Taking the line with "Kar gören inekler çılgına döndü" as the first and the line with "石家庄花都形象艺术学校(石家" as the last, set down the lines below exactly, pictures excluded.

•••

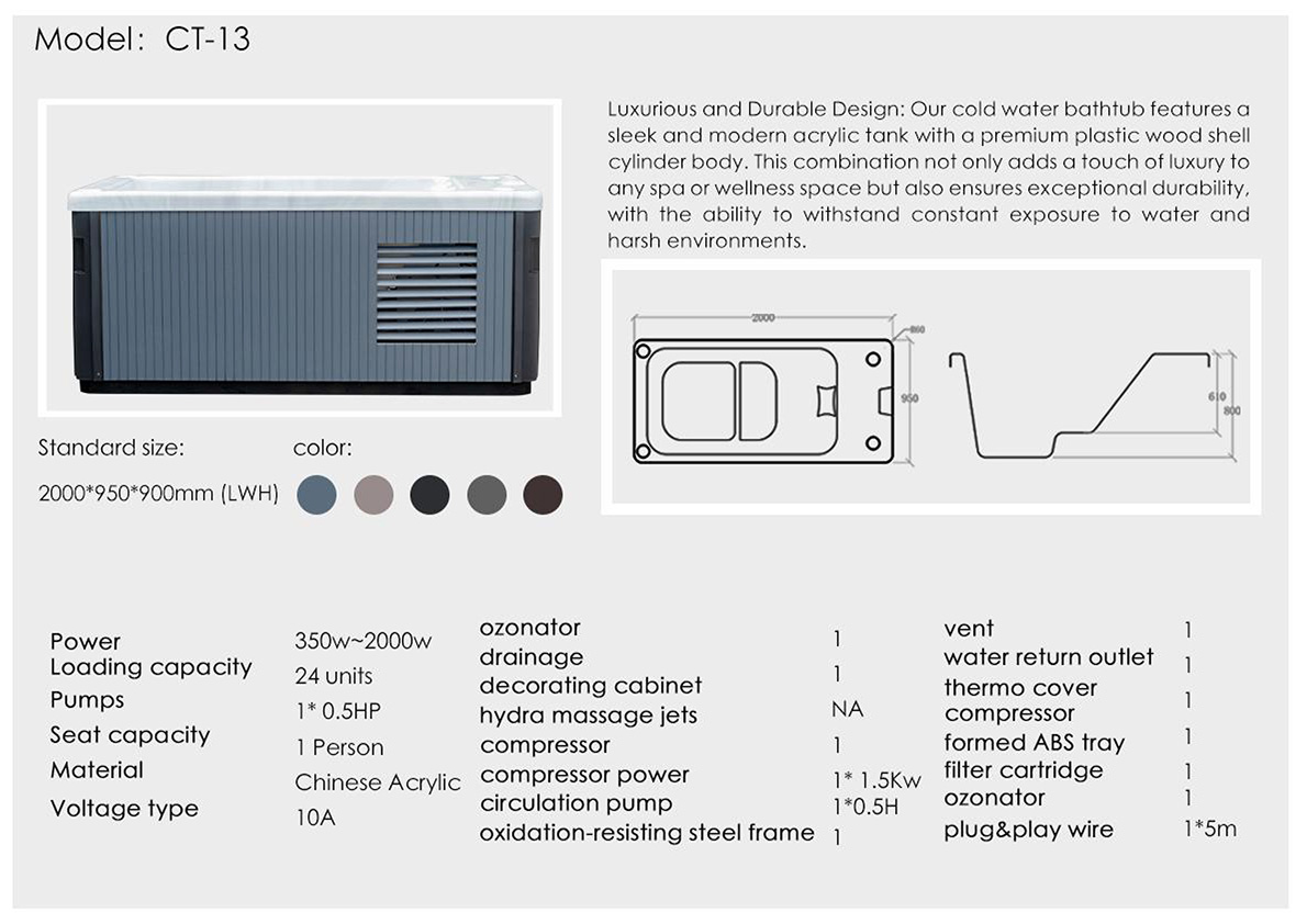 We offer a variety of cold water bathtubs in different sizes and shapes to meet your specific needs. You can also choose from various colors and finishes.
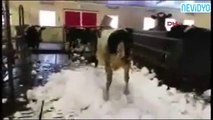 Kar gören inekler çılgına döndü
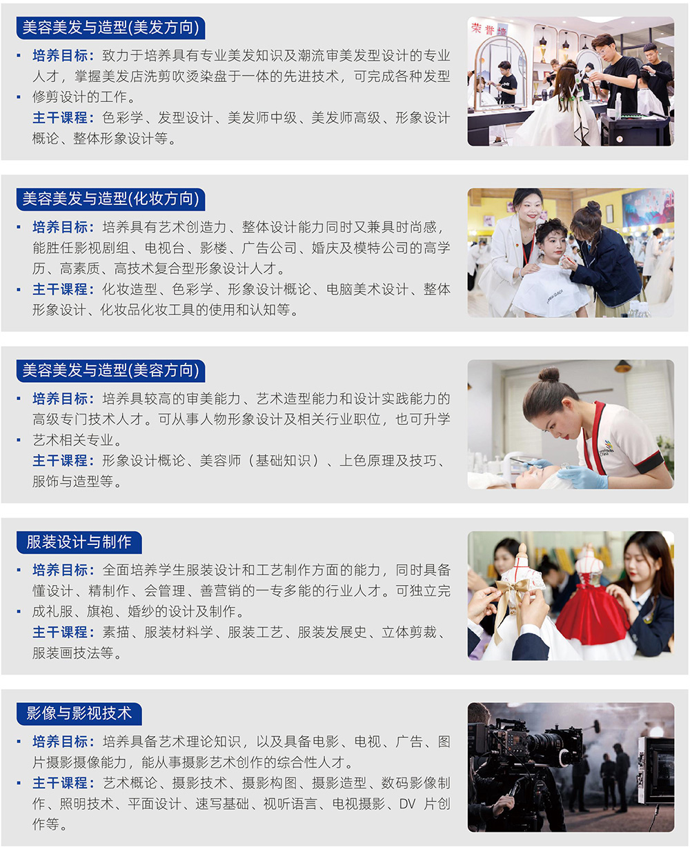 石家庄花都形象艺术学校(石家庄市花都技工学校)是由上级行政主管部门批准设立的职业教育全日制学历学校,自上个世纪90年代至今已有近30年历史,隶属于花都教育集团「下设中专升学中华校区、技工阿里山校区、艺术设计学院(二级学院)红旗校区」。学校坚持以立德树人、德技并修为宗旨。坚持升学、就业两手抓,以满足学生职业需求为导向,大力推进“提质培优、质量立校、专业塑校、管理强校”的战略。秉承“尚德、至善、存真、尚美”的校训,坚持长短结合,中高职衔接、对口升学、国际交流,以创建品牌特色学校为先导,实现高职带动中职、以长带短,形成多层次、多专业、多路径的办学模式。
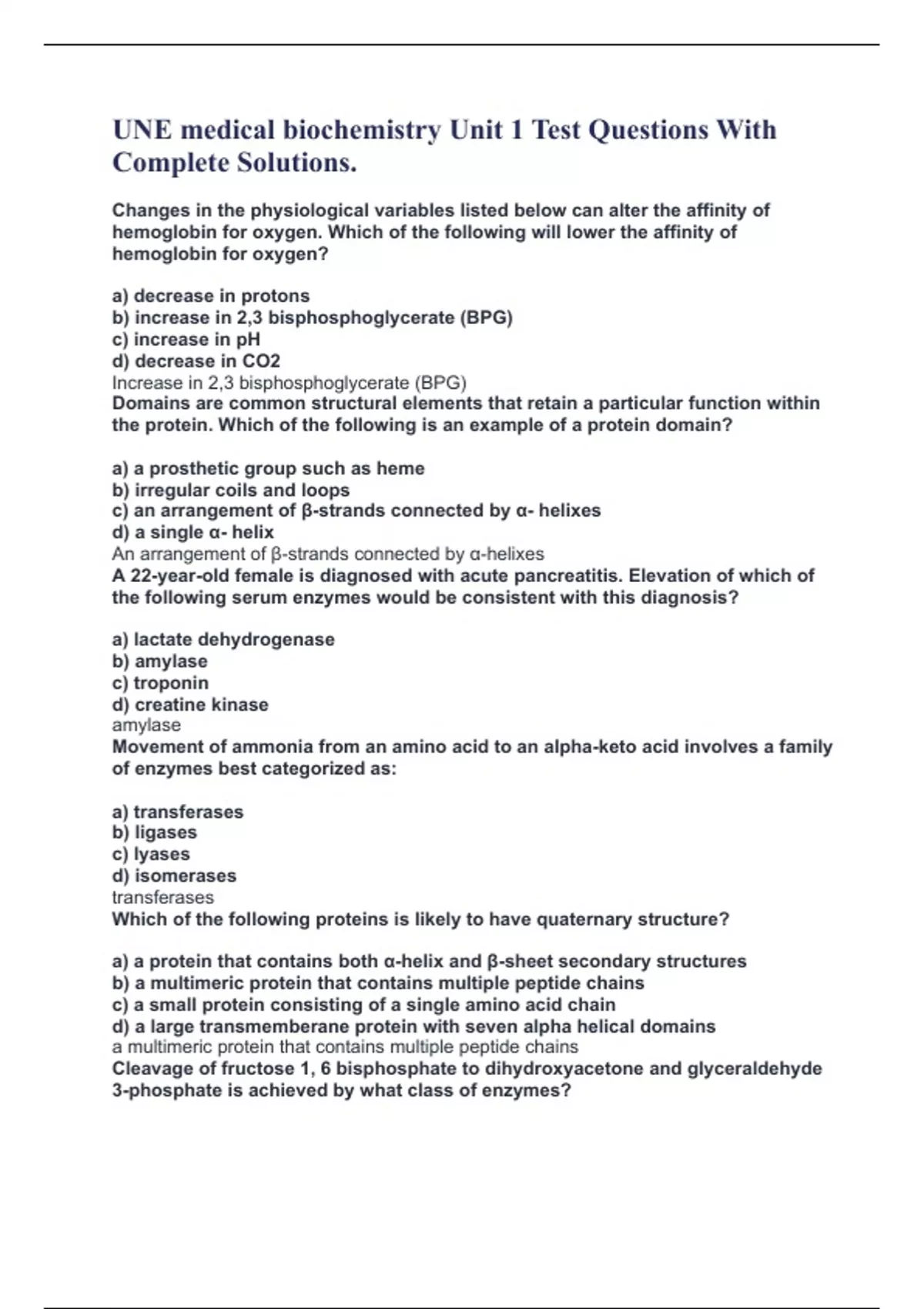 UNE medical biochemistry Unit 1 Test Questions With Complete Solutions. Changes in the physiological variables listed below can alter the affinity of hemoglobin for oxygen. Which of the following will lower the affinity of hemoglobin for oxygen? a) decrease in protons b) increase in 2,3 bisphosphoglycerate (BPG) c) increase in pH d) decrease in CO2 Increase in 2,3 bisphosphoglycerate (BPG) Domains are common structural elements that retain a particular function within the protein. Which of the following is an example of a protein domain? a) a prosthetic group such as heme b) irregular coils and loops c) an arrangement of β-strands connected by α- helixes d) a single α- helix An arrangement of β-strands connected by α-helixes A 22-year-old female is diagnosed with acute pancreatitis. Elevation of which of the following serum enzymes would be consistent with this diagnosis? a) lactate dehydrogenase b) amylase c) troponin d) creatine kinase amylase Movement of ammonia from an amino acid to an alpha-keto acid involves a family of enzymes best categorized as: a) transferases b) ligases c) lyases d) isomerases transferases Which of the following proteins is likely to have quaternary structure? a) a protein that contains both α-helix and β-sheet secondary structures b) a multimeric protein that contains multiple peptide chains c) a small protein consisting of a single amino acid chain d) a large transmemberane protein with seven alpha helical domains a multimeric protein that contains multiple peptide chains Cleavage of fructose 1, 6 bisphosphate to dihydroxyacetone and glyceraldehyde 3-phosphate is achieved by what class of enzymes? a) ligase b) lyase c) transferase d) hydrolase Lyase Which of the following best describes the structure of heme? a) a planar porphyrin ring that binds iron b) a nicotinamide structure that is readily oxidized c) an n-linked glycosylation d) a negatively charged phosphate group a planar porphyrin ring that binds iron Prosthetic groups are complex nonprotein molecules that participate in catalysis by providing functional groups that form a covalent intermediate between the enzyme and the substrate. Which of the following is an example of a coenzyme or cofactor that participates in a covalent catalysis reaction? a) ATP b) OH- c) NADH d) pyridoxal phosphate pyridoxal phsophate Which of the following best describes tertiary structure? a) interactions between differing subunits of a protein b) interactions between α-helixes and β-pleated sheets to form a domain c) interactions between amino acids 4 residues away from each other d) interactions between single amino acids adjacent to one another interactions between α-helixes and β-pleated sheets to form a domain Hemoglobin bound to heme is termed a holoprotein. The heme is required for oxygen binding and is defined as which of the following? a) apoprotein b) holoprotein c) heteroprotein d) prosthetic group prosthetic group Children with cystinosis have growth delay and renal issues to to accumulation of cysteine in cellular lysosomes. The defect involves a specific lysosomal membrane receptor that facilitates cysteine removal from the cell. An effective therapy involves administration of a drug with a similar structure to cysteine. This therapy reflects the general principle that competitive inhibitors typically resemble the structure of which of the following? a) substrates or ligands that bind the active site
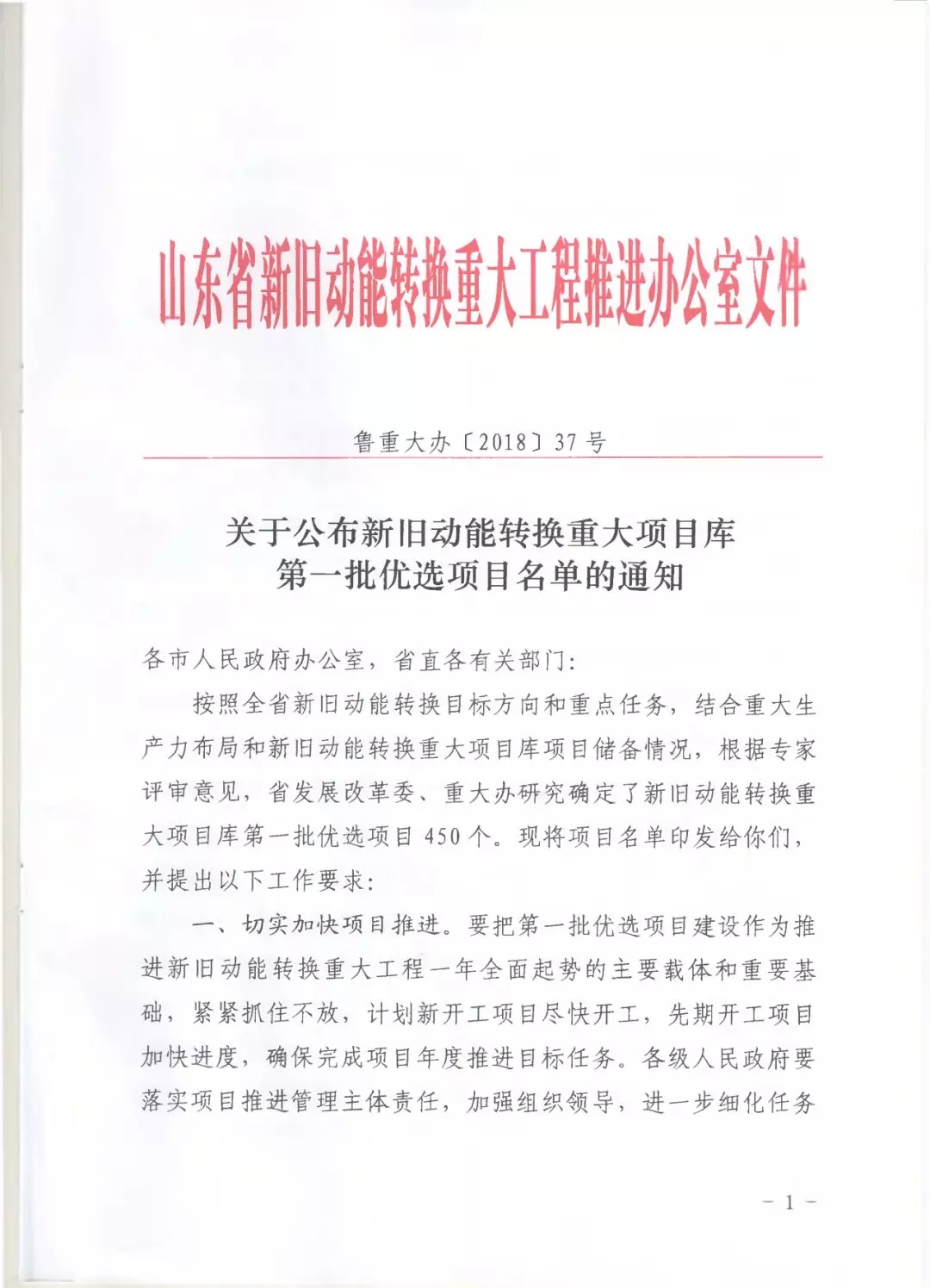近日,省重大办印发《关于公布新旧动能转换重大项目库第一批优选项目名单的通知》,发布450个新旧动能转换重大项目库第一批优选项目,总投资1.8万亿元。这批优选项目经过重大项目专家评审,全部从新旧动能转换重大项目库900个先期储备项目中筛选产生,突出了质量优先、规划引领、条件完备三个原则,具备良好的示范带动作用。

•••

### Reply
 Kar gören inekler çılgına döndü
 石家庄花都形象艺术学校(石家庄市花都技工学校)是由上级行政主管部门批准设立的职业教育全日制学历学校,自上个世纪90年代至今已有近30年历史,隶属于花都教育集团「下设中专升学中华校区、技工阿里山校区、艺术设计学院(二级学院)红旗校区」。学校坚持以立德树人、德技并修为宗旨。坚持升学、就业两手抓,以满足学生职业需求为导向,大力推进“提质培优、质量立校、专业塑校、管理强校”的战略。秉承“尚德、至善、存真、尚美”的校训,坚持长短结合,中高职衔接、对口升学、国际交流,以创建品牌特色学校为先导,实现高职带动中职、以长带短,形成多层次、多专业、多路径的办学模式。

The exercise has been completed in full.